■ **Activity**:
Produce a word-for-word copy of the data that follows, excluding images.

■ **Given material**:
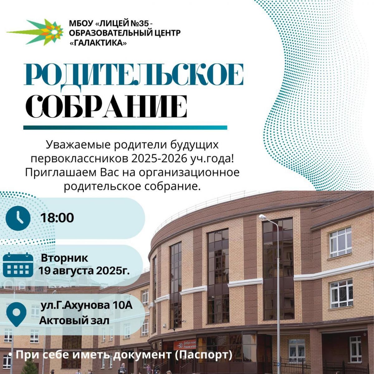 19.08.2025 в 18:00 состоится родительское собрание для будущих первоклассников
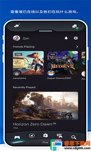 PlayStation(PS游戏社区)由索尼专为PS游戏用户打造,即PSapp。可下载游戏、与主机配对,资源存游戏库。不支持国服账号登录,支持港服。能了解资讯、查看好友、语音聊天、邀好友共玩,还有诸多便捷功能。
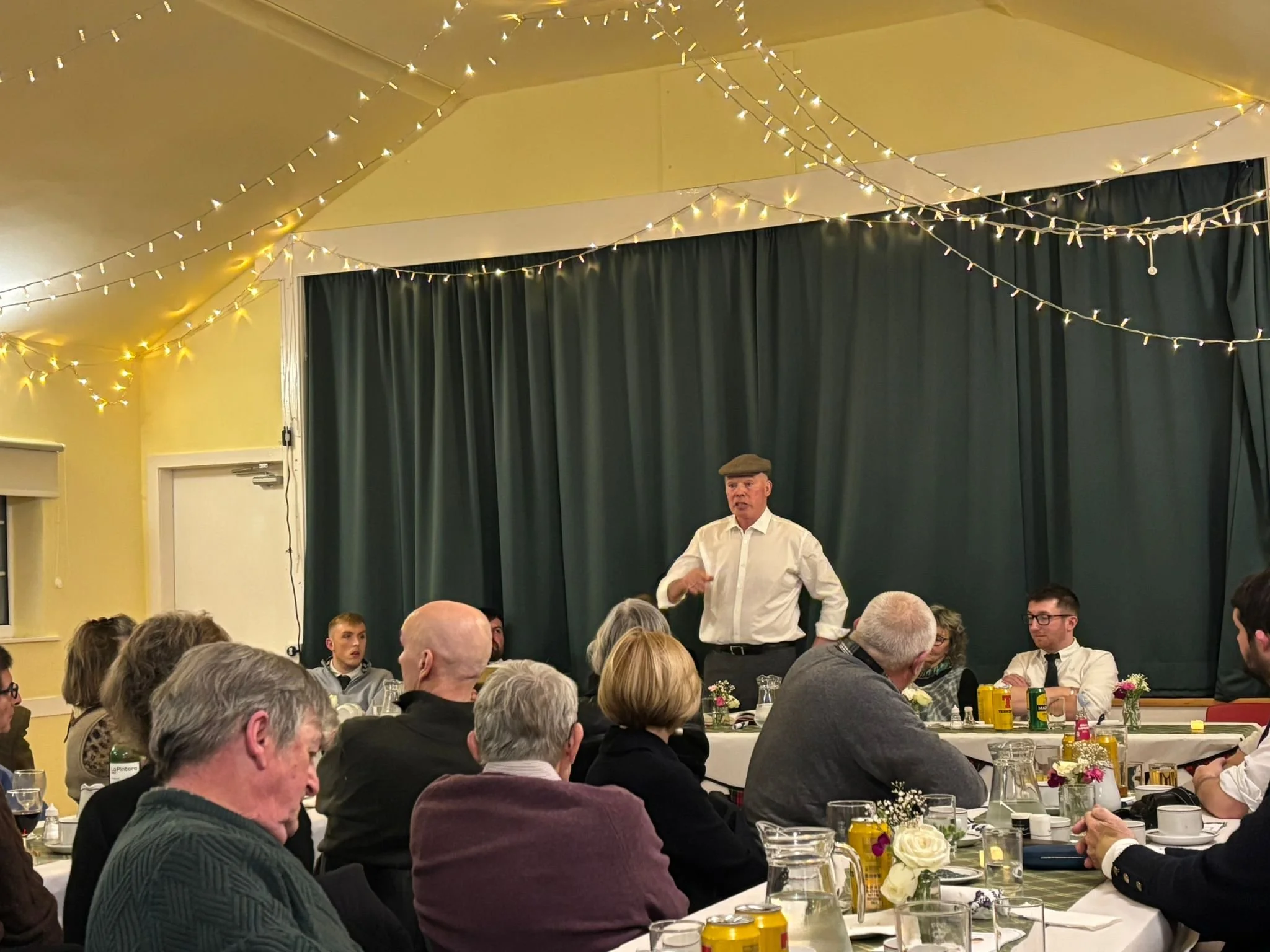 As the night’s entertainment commenced, the room all stood to their feet to welcome the prepared haggis, with the sound of the young piper, Robbie Logan from Penpont who captivated the room with his rich sounds from the bagpipes. He was closely accompanied by Melissa Ade, who proudly carried the dressed haggis around the room and towards the top table of speakers. Upon arrival to the top table, James Wallace (Junior) held the audience’s attention with a theatrical and gripping ‘Address to the Haggis’.
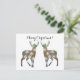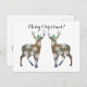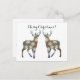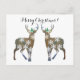 Feliz postal navideño con dos ciervos y copos de nieve encima.

■ **Task result**:
 19.08.2025 в 18:00 состоится родительское собрание для будущих первоклассников
 PlayStation(PS游戏社区)由索尼专为PS游戏用户打造,即PSapp。可下载游戏、与主机配对,资源存游戏库。不支持国服账号登录,支持港服。能了解资讯、查看好友、语音聊天、邀好友共玩,还有诸多便捷功能。
 As the night’s entertainment commenced, the room all stood to their feet to welcome the prepared haggis, with the sound of the young piper, Robbie Logan from Penpont who captivated the room with his rich sounds from the bagpipes. He was closely accompanied by Melissa Ade, who proudly carried the dressed haggis around the room and towards the top table of speakers. Upon arrival to the top table, James Wallace (Junior) held the audience’s attention with a theatrical and gripping ‘Address to the Haggis’.
 Feliz postal navideño con dos ciervos y copos de nieve encima.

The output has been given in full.